2. A husband and wife may sign for the other. A person holding power of attorney may sign for the applicant; however, proof of such must be attached to his application each year. THE TAX ASSESSOR OR HIS DEPUTY MAY NOT SIGN FOR ANY APPLICANT UNLESS VESTED WITH POWER OF ATTORNEY. Form 72-002, Power of Attorney, can be used strictly for homestead exemption purposes. Once this form is completed, a copy may be attached to the current application.

103 NEW APPLICATIONS
1. New applications are used when filing for the first time. These applications contain detailed information needed to determine the eligibility of the applicant. A new application is used in the following circumstances:
 
a. amending an existing application except as described in Title 35 of the Mississippi Administrative Code, Part VI, Subpart 2, Chapter 8.
b. changing property description
c. changing property use
d. changing property ownership
e. changing marital status
f. qualifying for the additional exemption
g. filing in adjoining counties-certified copies
h. death of joint applicant except as described in Title 35 of the Mississippi Administrative Code, Part VI, Subpart 2, Chapter 8.
2. If a new application is used to file for any reason other than the first time filing, state on the application the reason for using a new application. Whatever the reason for filing a new application, both the signature of the applicant and the signature of the Tax Assessor or his deputy along with the date are necessary.
104

AMENDED APPLICATIONS
If an applicant fails to disclose the fact that he is eligible for additional exemption, an amended application should be filed. Amended applications should be sent to the Tax Commission under a separate cover from the original applications.
1. How
A new application is used to file an amended application with the word "AMENDED" clearly marked across the top of the application and the reason for the amendment written on the application. When amending an existing application, line 1 through 9 must be completed. The original signatures of both the Tax Assessor and the applicant should also be on that application.
2. When to
An amended application can only be used if an applicant fails to disclose eligibility for an additional exemption A copy of the proof of the exemption should be attached to the amended application. This must be approved by the Board of Supervisors no later than the last Monday in August of the year following the year the supplemental roll was approved.
3. Deadline
An amended application may be filed no later than the last Monday in August of the year following the year in which the original application was filed. This is also the deadline for submission of a petition to adjust exemption on the supplemental roll. Any petition to adjust the supplemental roll must be received by the Tax Commission no later than September 15 of the year following the year in which the Supplemental roll is made. Any Petitions received after that date shall not be accepted. If an amended application is made, then a petition to the supplemental roll should be made reflecting the change. THE INFORMATION ON THE APPLICATION MUST BE THE SAME AS ON THE SUPPLEMENTAL ROLL.

 

a. Correcting an existing application
A typographical or clerical error may be corrected by using form 72-003, Correction/Deletion of the Homestead Application. "Correction" should be marked. The account number, county name, and year of application should be completed. The name of the applicant and the social security number should be shown as they appear on the application. Only the items that are to be corrected should be completed on the lines below applicant's name.
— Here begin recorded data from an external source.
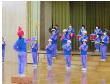
< 5、6年生による演奏 >

今年は、5、6年生が合同で「アフリカンシンフォニー」の演奏を行い、引継ぎ式を行いました。3、4年生が体育館で演奏を聴き、1、2年生は、各教室からの参加となりました。子供たちにとっては聴き慣れた親しみのある曲でした。演奏の後6年生から5年生の代表に、指揮者の指揮杖と指揮帽が渡されました。毎年、短い時間の式ですが、6年生の思いが5年生以下の下級生にしっかりバトンタッチされました。5年生は、一年間リーダーとしての自覚をもって取り組んでいってほしいと思います。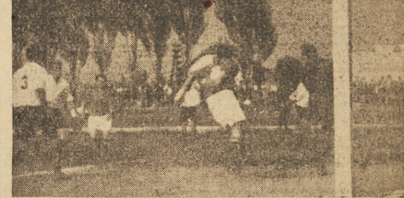
Prizor iz včerajšnje tekme Železničar : Sutjeska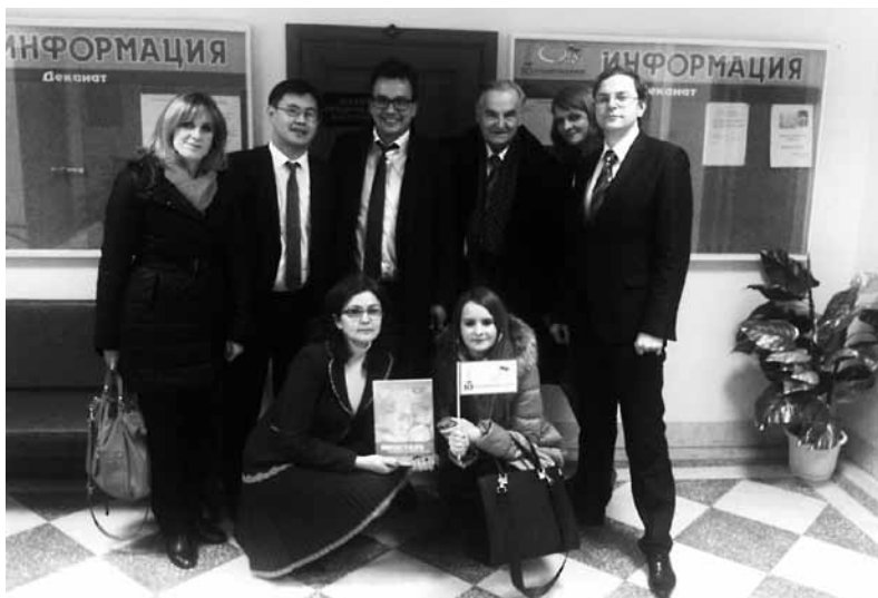
Medzinárodná vedecká konferencia „The counteraction of Ethnic, Religious and Youth Extremism“ Omsk december 2014.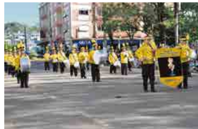
Fanfarras do Centro Educacional Monteiro Lobato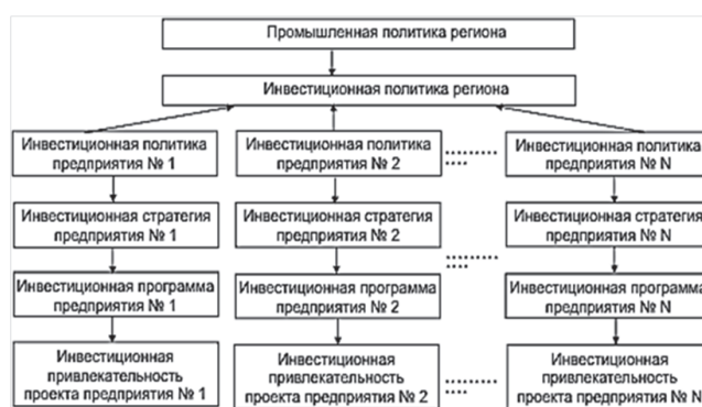
Рис. 3. Место инвестиционной составляющей в структуре региональной промышленной политики

Так как в условиях рынка инвестиции играют определяющую роль, то, соответственно, они являются основным элементом в региональной промышленной политике. Она формируется на базе аналогов субъектов хозяйствования данного территориального образования, включая государственные организации и учреждения [10].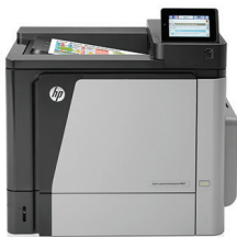
Drukarka HP Color LaserJet Enterprise M651dn

Wydajność, na której można polegać: niezawodne drukowanie profesjonalnej jakości dokumentów kolorowych w dużych nakładach. Wydajne opcje szybkiego drukowania i drukowania mobilnego oraz łatwe zarządzanie pomagają zapewnić produktywność w dowolnym miejscu.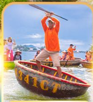
เรือกระด้ง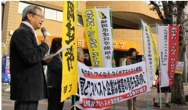
大牟田駅前にて旗を掲げる原告団

12月5日、お昼の12時から大牟田駅前にて、アスベスト街頭宣伝を遺族原告含め9名で実施しました。ハンドマイクでアスベスト問題が続いている事や基金 の設立をめざして闘っていることをうたえながら、チラシや署名への協力を呼びかけました。「国が管理してなかったとやけん、きちんと国が責任を認めんとでけん」と思うよー 「まだ、続いている問題やつたね。まわりにも伝えときます」 「がんばって、30分と短い時間でしたが、通行している一般の方からの声かけも。毎月 5日を街宣行動日として、12時から実施しています。1月は5日です。お昼休みの時間ですが、少しの時間でもいいのでみなさんの参加をお願いします。 12月19日は、建設アスベスト高裁の5回目期日でした。当日は、朝9時から大牟田駅前で行った支援行動に参加しました。今後は、第2陣提訴の準備も進めているところですよ。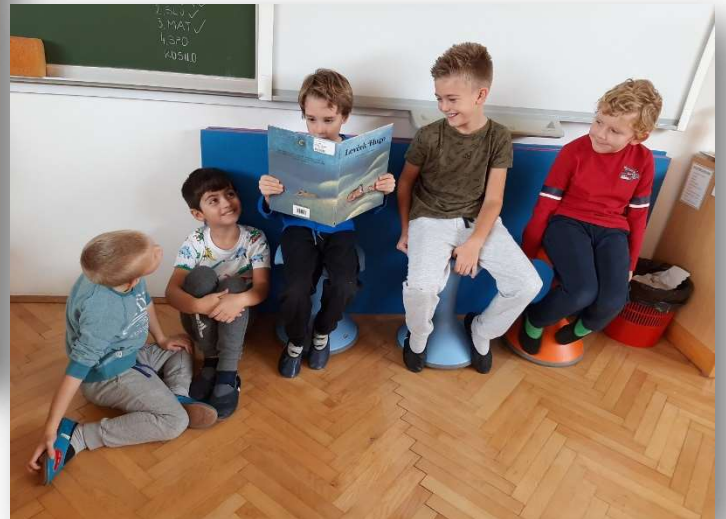
KNJIŽNA KAZALA DRUGOŠOLCEV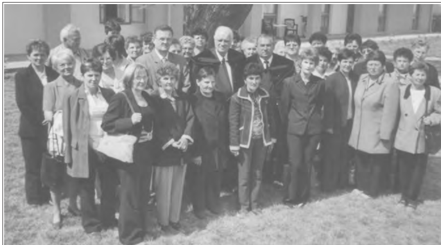
A felvidéki énekkarok tagjai

ezek a Kárpát-medencében élő gyülekezeteket összehozó találko-

  i. If eligible property failed to be listed on the application due to clerical error, the application may be amended and corrected by using a Form 72-003. This correction must be made by the last Monday in August of the year following the roll year.
ii. If the applicant fails to remove a parcel that was sold or ineligible, or the applicant’s parcel number changed, the application may be amended and corrected by using a Form 72-003. These corrections must be made on or before June 1st of that roll year.
iii. If the surviving spouse of a dead applicant does not file a new application, the application may be amended and corrected by removing the dead spouse’s name and adding the surviving spouse’s birth date by using a Form 72-003. If the surviving spouse is not eligible for the same exemption as the dead spouse, a new application must be filed.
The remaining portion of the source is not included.